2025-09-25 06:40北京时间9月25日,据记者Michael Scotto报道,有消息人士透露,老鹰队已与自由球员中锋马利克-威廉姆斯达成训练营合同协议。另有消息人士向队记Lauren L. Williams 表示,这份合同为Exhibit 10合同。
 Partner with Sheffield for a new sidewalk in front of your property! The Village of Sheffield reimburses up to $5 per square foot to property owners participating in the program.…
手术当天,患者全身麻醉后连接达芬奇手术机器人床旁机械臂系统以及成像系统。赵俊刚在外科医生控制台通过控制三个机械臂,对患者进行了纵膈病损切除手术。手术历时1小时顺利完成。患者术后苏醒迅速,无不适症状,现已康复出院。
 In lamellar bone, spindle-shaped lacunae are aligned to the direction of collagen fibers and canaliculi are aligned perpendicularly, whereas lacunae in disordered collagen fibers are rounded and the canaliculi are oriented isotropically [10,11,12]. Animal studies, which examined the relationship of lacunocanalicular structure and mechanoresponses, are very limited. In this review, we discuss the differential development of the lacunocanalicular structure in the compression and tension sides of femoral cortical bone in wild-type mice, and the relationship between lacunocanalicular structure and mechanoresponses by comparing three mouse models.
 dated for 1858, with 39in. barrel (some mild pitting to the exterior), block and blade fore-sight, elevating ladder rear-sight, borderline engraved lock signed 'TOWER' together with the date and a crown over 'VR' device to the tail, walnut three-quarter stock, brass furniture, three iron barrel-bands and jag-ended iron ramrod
---
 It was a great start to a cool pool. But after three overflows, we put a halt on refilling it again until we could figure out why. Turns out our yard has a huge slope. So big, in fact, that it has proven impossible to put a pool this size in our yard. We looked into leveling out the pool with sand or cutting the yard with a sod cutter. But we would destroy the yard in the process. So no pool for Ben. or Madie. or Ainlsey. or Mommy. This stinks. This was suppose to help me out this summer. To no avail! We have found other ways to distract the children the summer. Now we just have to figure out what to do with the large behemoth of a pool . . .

REQUIREMENT: Lines to set down from above: the line with "Partner with Sheffield", the line with "手术当天,患者全身麻醉后连接", and every line between, each exactly as written.

WRITTEN REPLY:
 Partner with Sheffield for a new sidewalk in front of your property! The Village of Sheffield reimburses up to $5 per square foot to property owners participating in the program.…
手术当天,患者全身麻醉后连接达芬奇手术机器人床旁机械臂系统以及成像系统。赵俊刚在外科医生控制台通过控制三个机械臂,对患者进行了纵膈病损切除手术。手术历时1小时顺利完成。患者术后苏醒迅速,无不适症状,现已康复出院。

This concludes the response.